Microarchitectures with "allocate on read miss" policies invariably feature write-combining buffers, which are a small number of cache-line-sized buffers that accumulate data from stores that miss cache. This allows the core to exploit spatial locality by coalescing adjacent writes into (up to) cache-line-sized transactions. In most microarchitectures loads can snoop the write-combining buffers. In my experience the combination of read-allocate caches and snooped write-combining buffers works very well for a wide range of workloads.
> When the layer 1 cache line is filled, the instruction to clear the byte executes.
> If at that point both layer cache are no more needed and evicted,
No. If the cache uses an allocate-on-write-miss allocation policy then the line will stay in cache until evicted based on its replacement policy (LRU, random, adaptive, etc).
> what size is written
> back to memory: a layer 1 cache line or a layer 2 cache line (which would be a lot bigger).
> In other words, is there "dirty bits" for every layer 1 cache line inside the layer 2 cache?
The line sizes for all levels are typically the same. If they weren't then coherency and OS cache management would become more complicated. With that said, a cache that has valid/dirty bits for partial lines is called a sectored cache (a very old technique first used in the 360/85).

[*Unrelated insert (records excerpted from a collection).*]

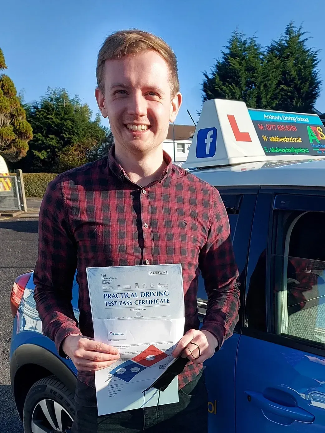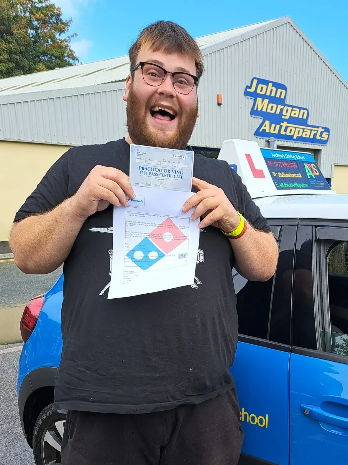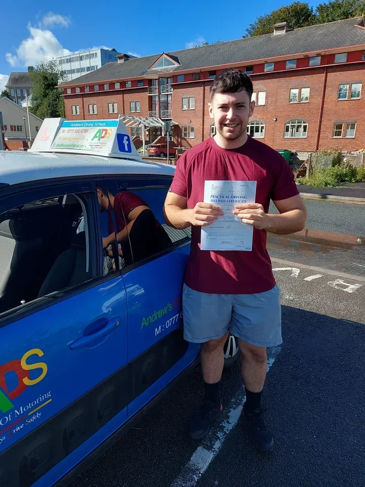 Owen Hall. Passed in Carmarthen, only 5 minor driving faults. Thank you to Andrew Evans and ADS driving school for an amazing driving service. Enjoyed every lesson and would highly recommend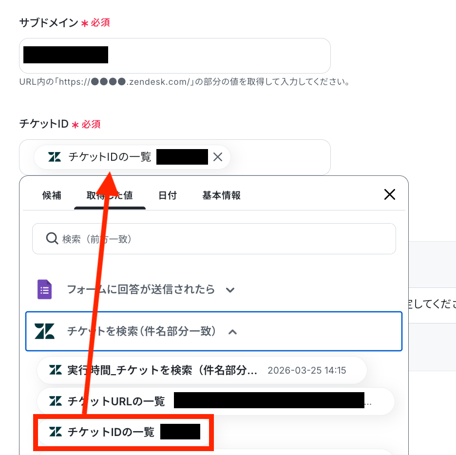 サブドメインを同じく手動で入力し、チケットIDを取得した値から選択します。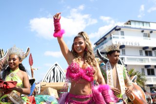 El derrotero avanzó por el Malecón Tradicional con coloridos carros alegóricos y comparsas que llenaron el ambiente de música, ritmo y entusiasmo. También destacaron las participaciones del actor José Ron y la modelo Kimberly Flores, quienes saludaron al público desde sus respectivos carros alegóricos, generando gran emoción entre las familias y visitantes que se dieron cita a lo largo del recorrido.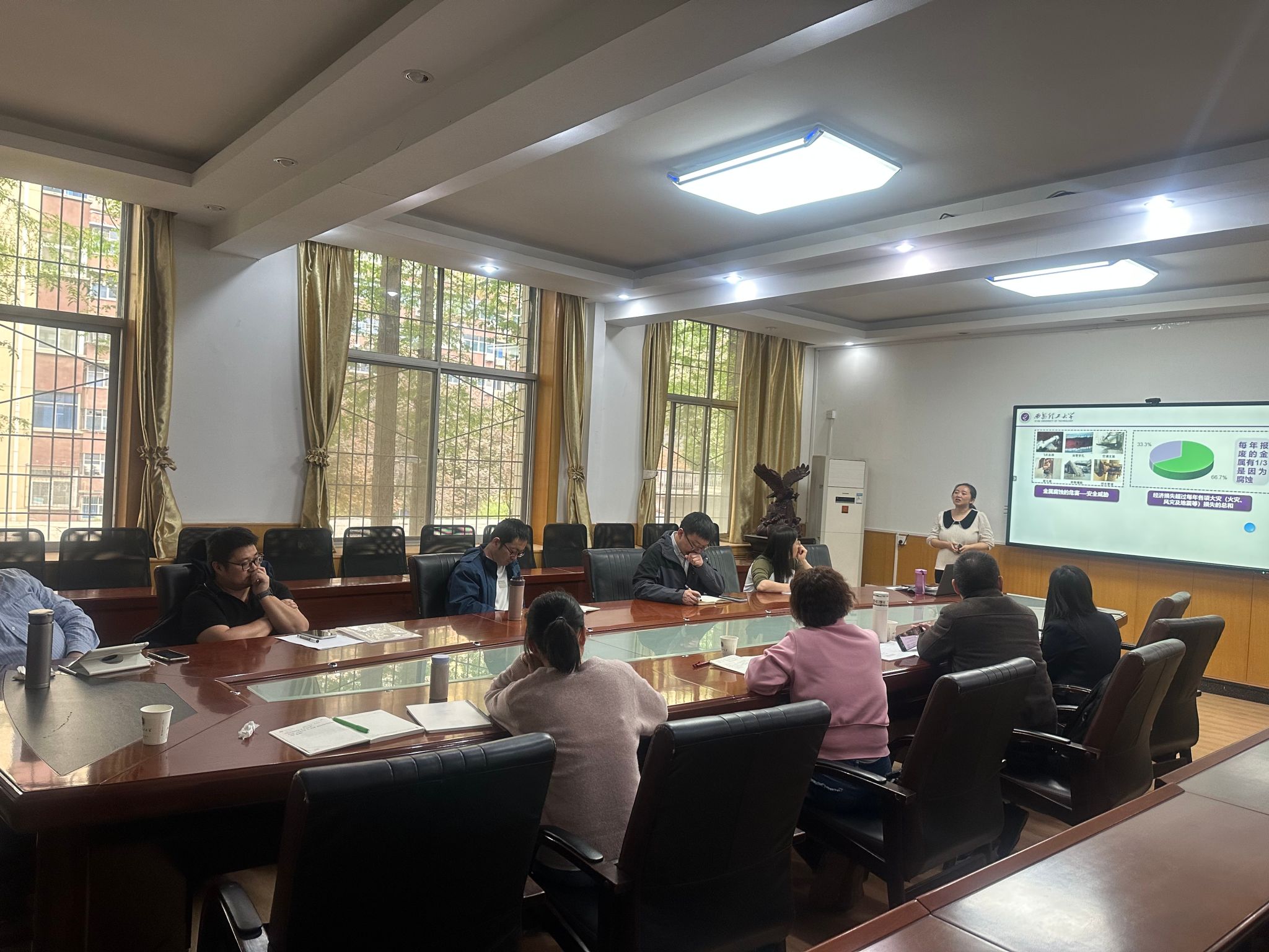 在教学示范展示环节,张改妮老师以《实验设计与数据处理》为例,系统阐释了OBE理念下的课程体系建构路径;杨慧娟副教授(校级青年教师讲课比赛获奖者)则现场呈现了"金属阳极"的教学比赛示范课。随后,沈洋副教授立足教学竞赛评审标准,系统讲解了教学比赛创新的突破点,即教学内容有效设计、教学方法的多元化融合以及信息技术的适切性应用,并且特别强调了课程思政元素的有机融入策略。葛利玲正高级工程师结合多年教学和督导经验,从“教学设计的逻辑性、知识呈现的精准性、课堂互动的有效性”三个维度进行了专业剖析。会后大家感慨,专家的指导犹如拨云见日,让大家对教学创新和以赛促教的内涵有了更深层的理解。系主任李文斌副教授表示,此次活动将为新能源材料与器件系教学能力提升注入新动能,后续将建立"系教学竞赛培育机制",持续提升教师的比赛积极性和能材系整体教学水平。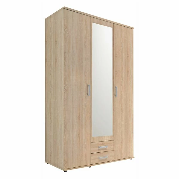 Hinter drei Türen, wovon eine mit einem Spiegel ausgestattet ist, finden Sie ausreichend Platz, um Ihre Kleidungsstücke unterzubringen. In zwei Schubkästen können Sie beispielweise Socken oder Unterwäsche sowie Accessoires verstauen.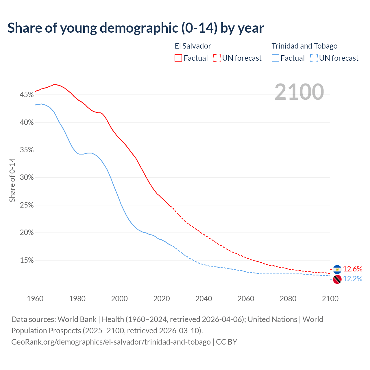 - The share of young demographic (0-15 years old) in El Salvador is 24.8% vs 17.8% in Trinidad and Tobago.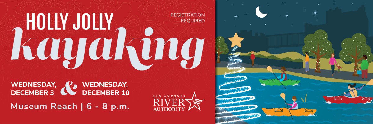 Night Kayaking on the Museum Reach is back! Join us for this unique opportunity and enjoy the holiday lights along San Antonio River. Reserve a kayak provided by the San Antonio River Authority or select a slot to bring your own.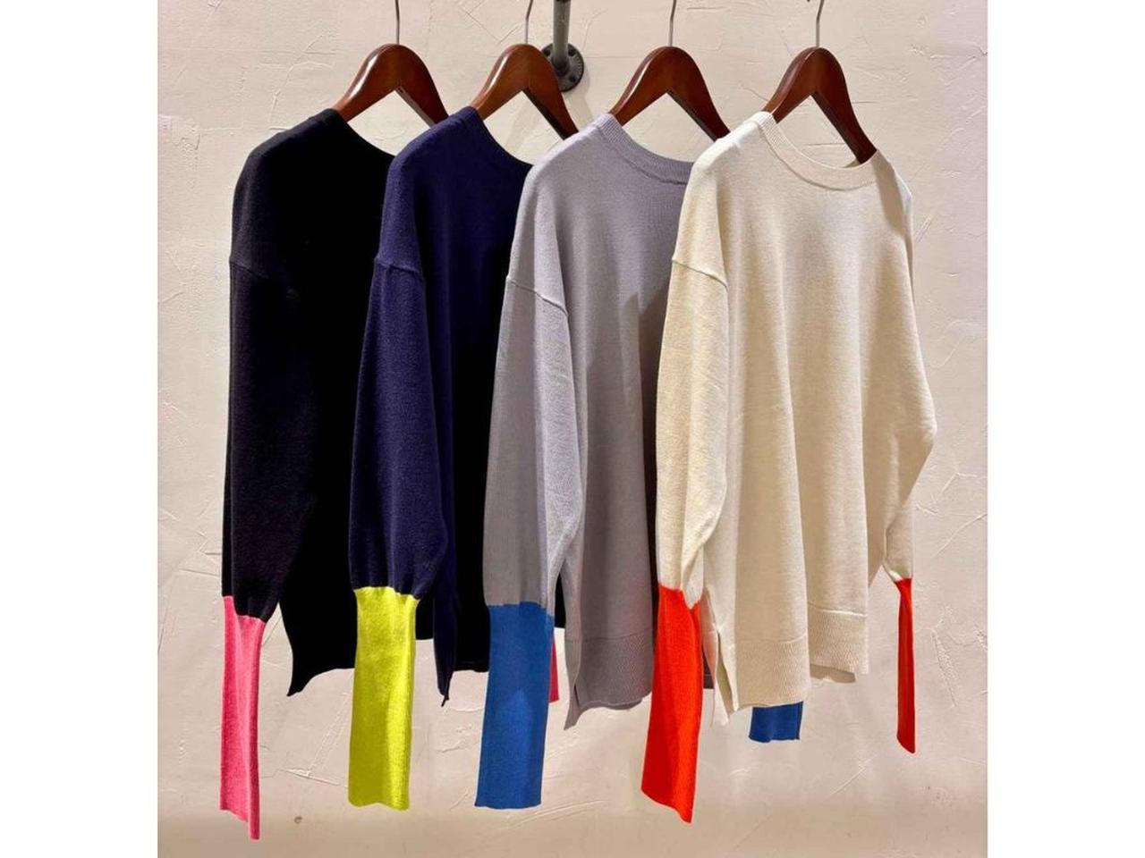注目したのはこちら、袖の切替えが特徴的な配色ニットトップス。薄手タイプなので、1枚でもレイヤードでも着回しやすいところが魅力です。レーヨン混の「とろみのある柔らかい肌触り」(公式サイトより)だから、ゴワゴワしたニットが苦手な人にもおすすめ。普段はカラーをあまり着ないという人にも、ぜひ試してほしいアイテムです。

The only recent microarchticture that I know of that uses a sectored cache is the NVIDIA Fermi GPU family, which appear to use a sectored L2 with 128-byte lines and 32-byte sectors [*].
-- Patrick
[*] I determined that empirically by looking at the relative performance of 32-byte texture cache line fills and 128-byte L1 line fills with various address patterns - Nvidia have never publically described the Fermi L2 configuration that I know of.